(Records contained in a dataset)
┏━━

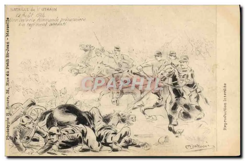 Cartes postales Militaria Bataille de l'Othain 12 aout 1914 Une batterie allemande prisonniere Un regiment an
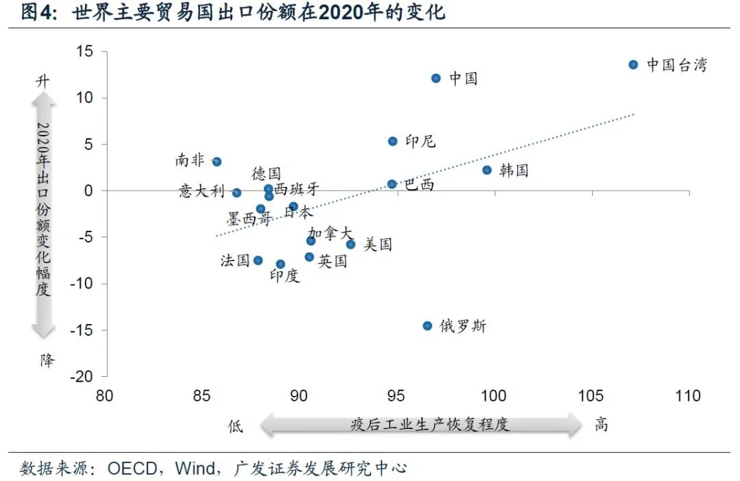 第二,生产恢复程度和能力是各经济体抢占出口份额的必要条件,但不是充分条件。从各经济体出口份额在2020年的变化幅度与生产的恢复程度来看,疫后生产恢复较强的经济体往往都实现了出口份额的改善,但并不是所有生产恢复较快的经济体都必然能够抢占出口市场,如俄罗斯(图4)。
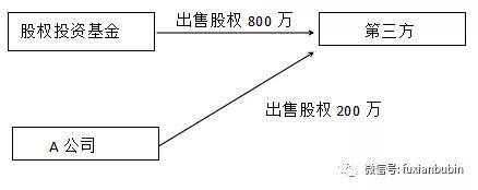 假设股权投资基金(投资方)投资A公司,若此时股权投资基金占有的股份为20%,A公司的其他股东占有的股份为80%,此时若A公司拟出售1000万股的股权给第三方,其交易结构为:
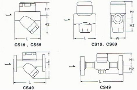 CS19H-16(25,40)C热动力式(圆盘式)(Y型)疏水阀主要外型连接尺寸
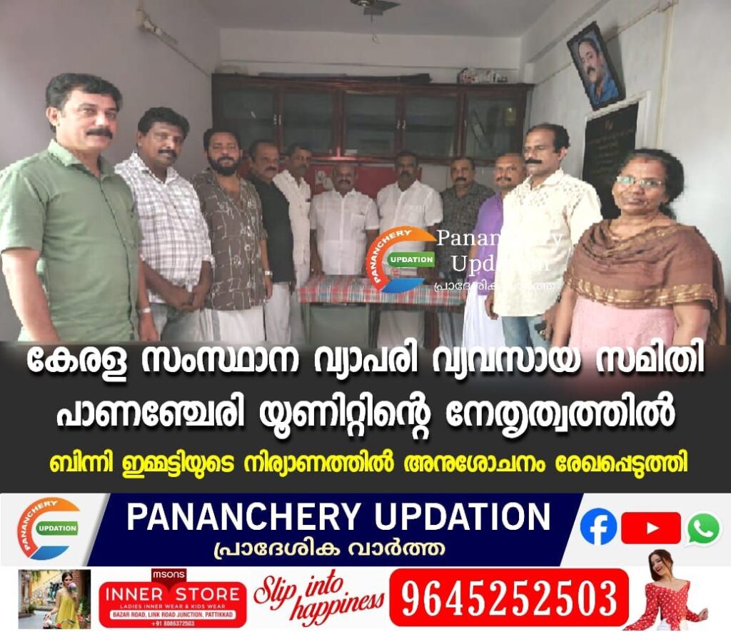 കേരള സംസ്ഥാന വ്യാപരി വ്യവസായ സമിതി പാണഞ്ചേരി യൂണിറ്റ് സെക്രട്ടറി തോമസ് സാമുവേലിൻ്റെ നേതൃത്വത്തിൽ വ്യാപരി വ്യവസായി സമിതി മുൻ പ്രസിഡൻ്റ് ബിന്നി ഇമ്മട്ടിയുടെ നിര്യാണത്തിൽ അനുശോച്ചനം രേഖപ്പെടുത്തി. പ്രസിഡൻ്റ് ബാബു കൊള്ളന്നൂർ അധ്യക്ഷത വഹിച്ചു. ട്രഷറർ കൃഷ്ണൻകുട്ടി, രാജേന്ദ്രൻ മുല്ലപ്പള്ളി എന്നിവർ സംസാരിച്ചു. എക്സിക്യൂട്ടീവ് മെമ്പർമാരും, വ്യാപരി സുഹൃത്തുക്കളും ചടങ്ങിൽ പങ്കെടുത്തു.
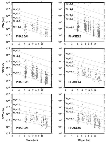 Peak-ground velocities (PGVs) as function of the hypocentral distance for each of the six phases of the project analyzed in the present study. In each panel, the continuous lines refer to the GMPEs whose coefficients are listed in Table 1 evaluated for = −1.0, 0.5, 1.0, 2.0 and 3.0.
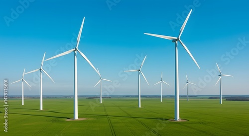 wind turbine, wind energy, renewable energy, clean energy, green energy, alternative energy, wind farm, wind power, power generation, energy production, ecology, environment, nature, landscape, scenery, field, meadow, greenfield, blue skies, clear sky, aerial view, energy, power, technology, electricity, turbine, propeller, sustainable, environmentally friendly, environmental, conservation, climate change, global warming, rural, agricultural, farm, countryside, summer, bright, sunny, day
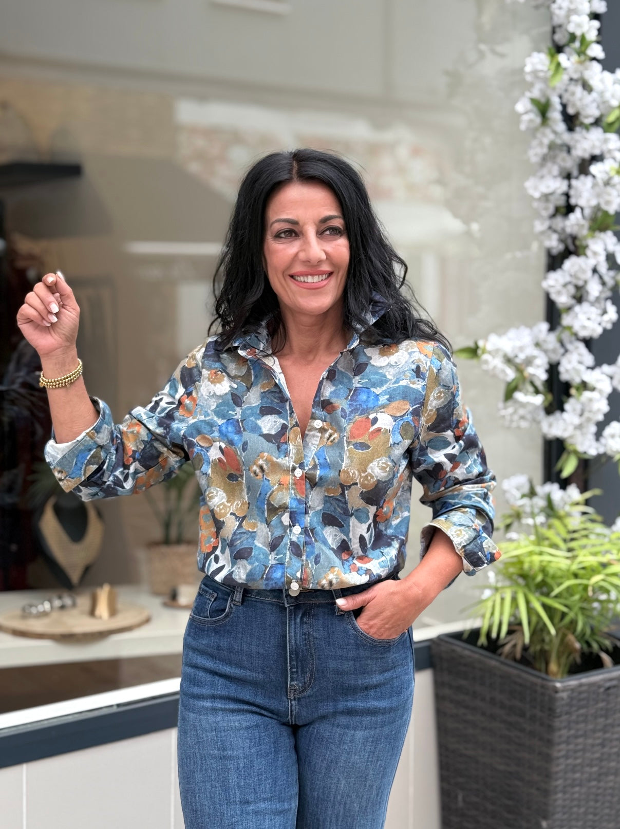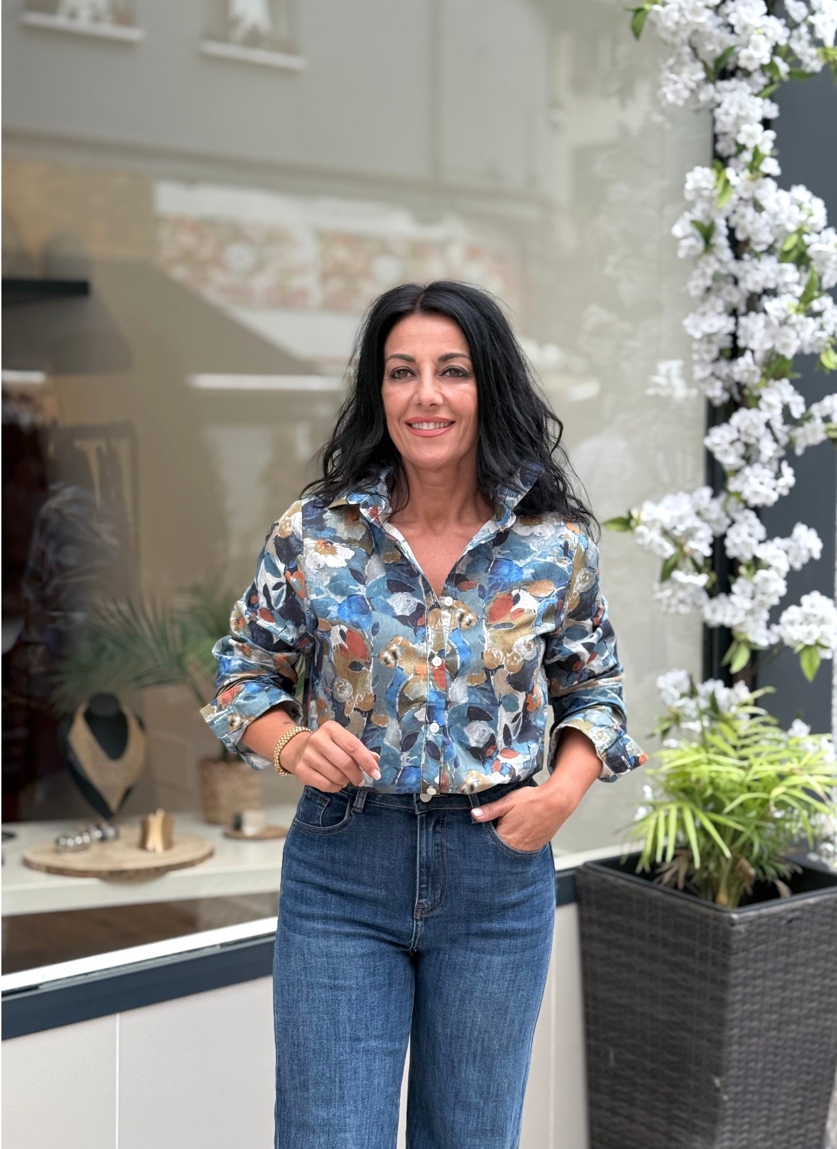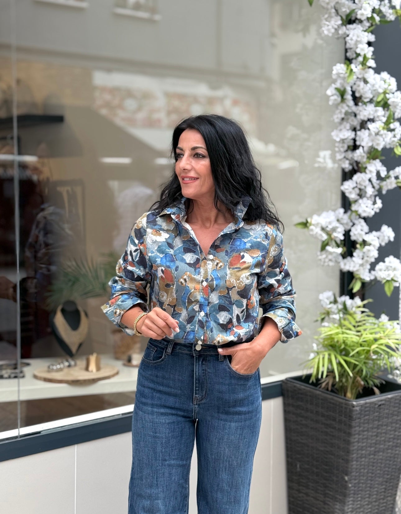 Camisa básica estampada, cierre con botones frontales y puño con cierre de boton.

┗━━

◆ Instructions for the task
Nothing should appear in the answer except the lines from the first line of the data through the line holding "Peak-ground velocities (PGVs)", exactly as written, with pictures left out.

◆ Task result
 Cartes postales Militaria Bataille de l'Othain 12 aout 1914 Une batterie allemande prisonniere Un regiment an
 第二,生产恢复程度和能力是各经济体抢占出口份额的必要条件,但不是充分条件。从各经济体出口份额在2020年的变化幅度与生产的恢复程度来看,疫后生产恢复较强的经济体往往都实现了出口份额的改善,但并不是所有生产恢复较快的经济体都必然能够抢占出口市场,如俄罗斯(图4)。
 假设股权投资基金(投资方)投资A公司,若此时股权投资基金占有的股份为20%,A公司的其他股东占有的股份为80%,此时若A公司拟出售1000万股的股权给第三方,其交易结构为:
 CS19H-16(25,40)C热动力式(圆盘式)(Y型)疏水阀主要外型连接尺寸
 കേരള സംസ്ഥാന വ്യാപരി വ്യവസായ സമിതി പാണഞ്ചേരി യൂണിറ്റ് സെക്രട്ടറി തോമസ് സാമുവേലിൻ്റെ നേതൃത്വത്തിൽ വ്യാപരി വ്യവസായി സമിതി മുൻ പ്രസിഡൻ്റ് ബിന്നി ഇമ്മട്ടിയുടെ നിര്യാണത്തിൽ അനുശോച്ചനം രേഖപ്പെടുത്തി. പ്രസിഡൻ്റ് ബാബു കൊള്ളന്നൂർ അധ്യക്ഷത വഹിച്ചു. ട്രഷറർ കൃഷ്ണൻകുട്ടി, രാജേന്ദ്രൻ മുല്ലപ്പള്ളി എന്നിവർ സംസാരിച്ചു. എക്സിക്യൂട്ടീവ് മെമ്പർമാരും, വ്യാപരി സുഹൃത്തുക്കളും ചടങ്ങിൽ പങ്കെടുത്തു.
 Peak-ground velocities (PGVs) as function of the hypocentral distance for each of the six phases of the project analyzed in the present study. In each panel, the continuous lines refer to the GMPEs whose coefficients are listed in Table 1 evaluated for = −1.0, 0.5, 1.0, 2.0 and 3.0.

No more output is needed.